Limit and offset for row pruning

By R. S. Doiel, 2024-10-31

I recently needed to prune data that tracked report requests and their processing status. The SQLite3 database table is called “reports” and has four columns.

The problem is the generated report can be requested as needed. I wanted to maintain the request data for the most recent one. The “src” column has the report name and status. That is easily checked using the JSON notation supported by SQLite3 (v3.47.0). It’s easy to get the most recent completed row with a simple SELECT statement using both an ORDER clause and LIMIT clause.

select id
  from reports
  where src->>'report_name' = 'myreport' and
        src->>'status' = 'completed'
  order by updated desc
  limit 1

This gives me the key to the most recent record. How do I get a list of he rows I want to prune? The answer is to use the LIMIT cause with an OFFSET modifier. The OFFSET let’s us skip a certain number of rows before applying the limit. In this case I want to skip one row and show the rest.
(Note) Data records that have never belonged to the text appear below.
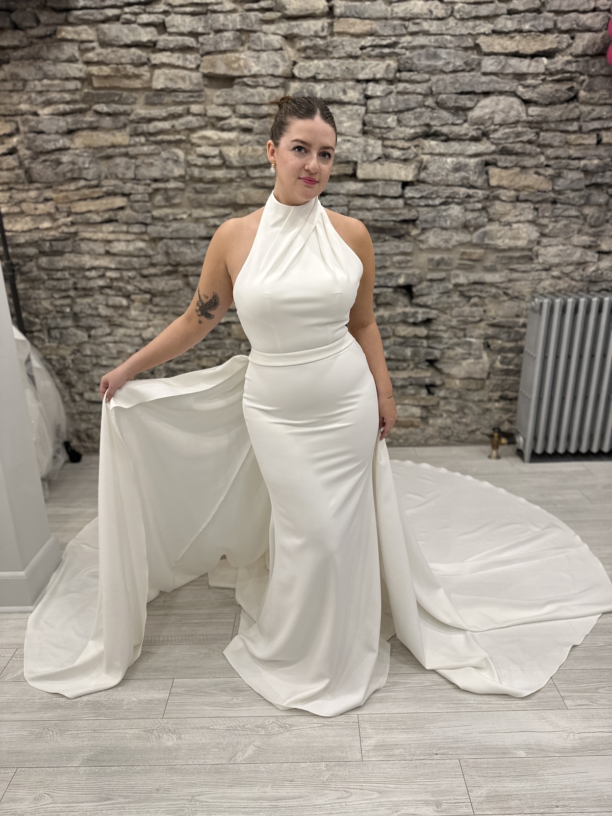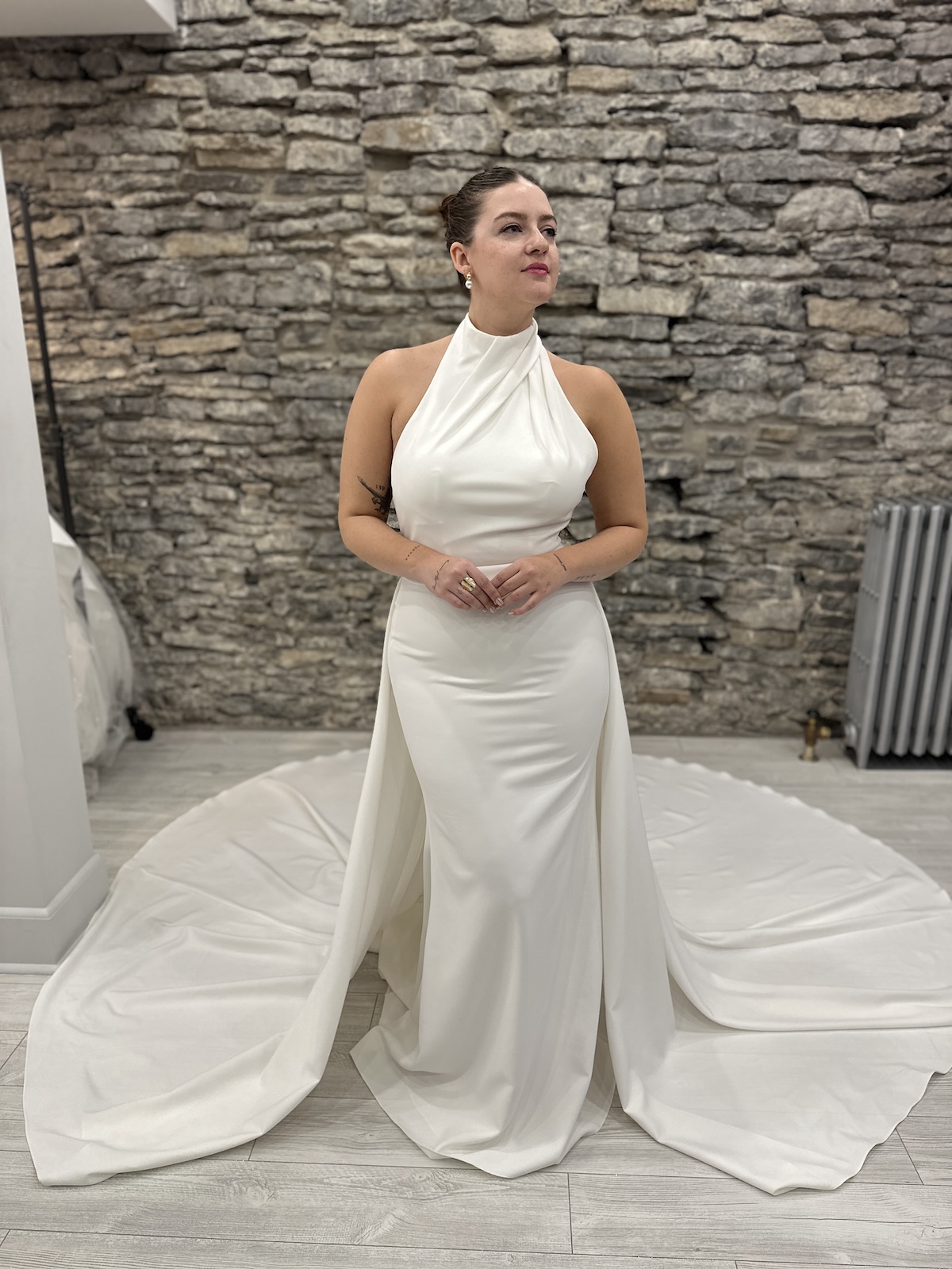 Elevate your bridal look with this sleek crepe overskirt, designed to add a touch of effortless glam
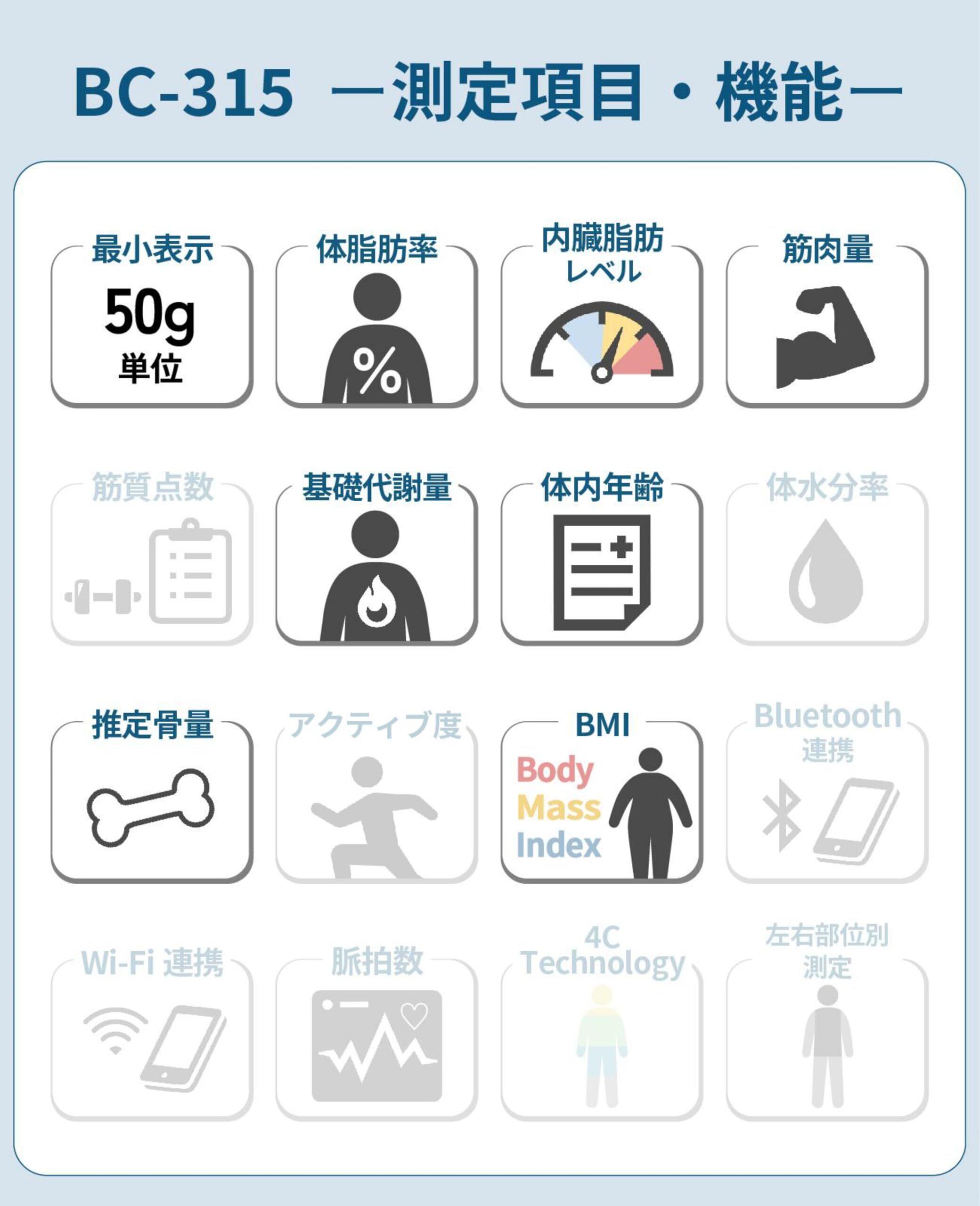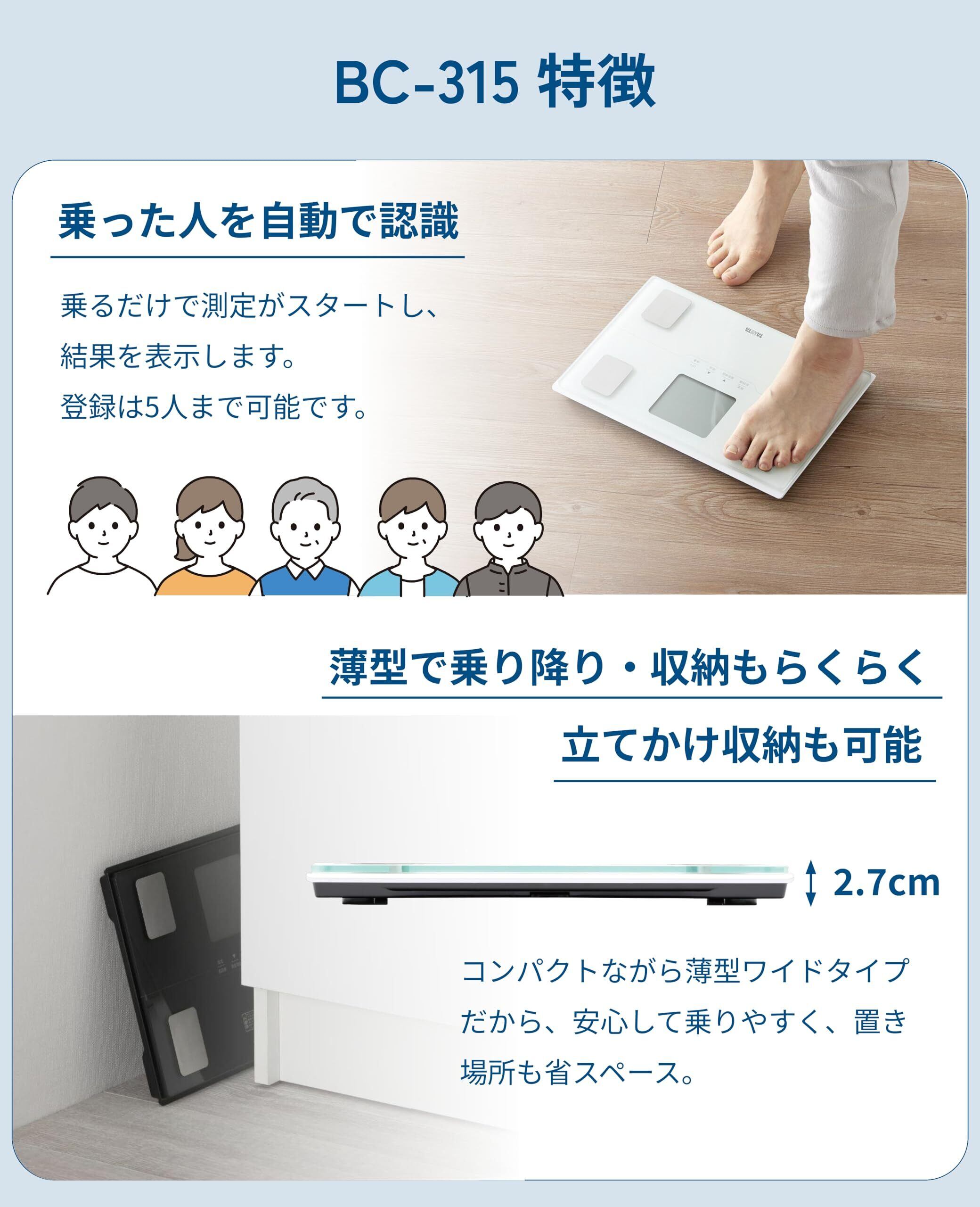 タニタ 体重計 体組成計体脂肪率/内臓脂肪レベル/筋肉量/基礎代謝量/体内年齢/推定骨量/BMI/立掛け収納OK/乗るピタ ヘルスメーター BC-315 ホワイト
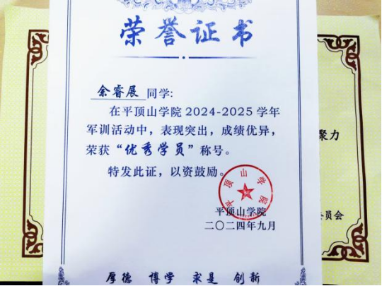 思想是行动的先导,该生始终将思想政治建设置于首位,以高标准筑牢信仰之基。其主动参与团课培训并通过“学习强国”等平台学习党的最新理论知识,深刻领悟“两个确立”的决定性意义,不断增强“四个意识”、坚定“四个自信”、做到“两个维护”。2024年军训期间,她获评“军训标兵”,同年,凭借优异的思想素养、突出的集体贡献,荣获“优秀团员”称号。作为班级团支书,她牵头组织各类主题学习活动,通过专家讲座、分组研讨、知识竞赛等多元形式,带动班级同学凝聚思想共识,让理论学习入脑入心,为班集体建设注入强大精神动力。
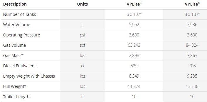 - The total capacity of the VPLite6 system is 62,726 SCF at 3,600psi and the total capacity of the VPLite8 system is 83,635 SCF.
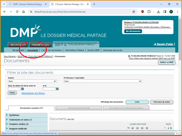 Une fois sur la page de DMP de votre patient, cliquez sur “Documents”. Cette section vous permet d’accéder aux documents présents sur le dossier de votre patient, et vous permet également d’en transmettre un nouveau.

This database table doesn’t get that big so I can use a limit like one thousand. Here’s what that looks like.

select id
  from reports
  where src->>'report_name' = 'myreport' and
        src->>'status' = 'completed'
  order by updated desc
  limit 1000 offset 1

Now that I have my list of ids I can combine it with a DELETE statement which has a WHERE clause. The WHERE clause will use the IN operator to iterate over the list of ids from my select statement.

Putting it all together it looks like this.

delete from reports
  where id in (
    select id
      from reports
      where src->>'report_name' = 'myreport' and
            src->>'status' = 'completed'
      order by updated desc
      limit 1000 offset 1
)

The nice thing is I can run this regularly. It will never delete the most recent row because the offset value is one.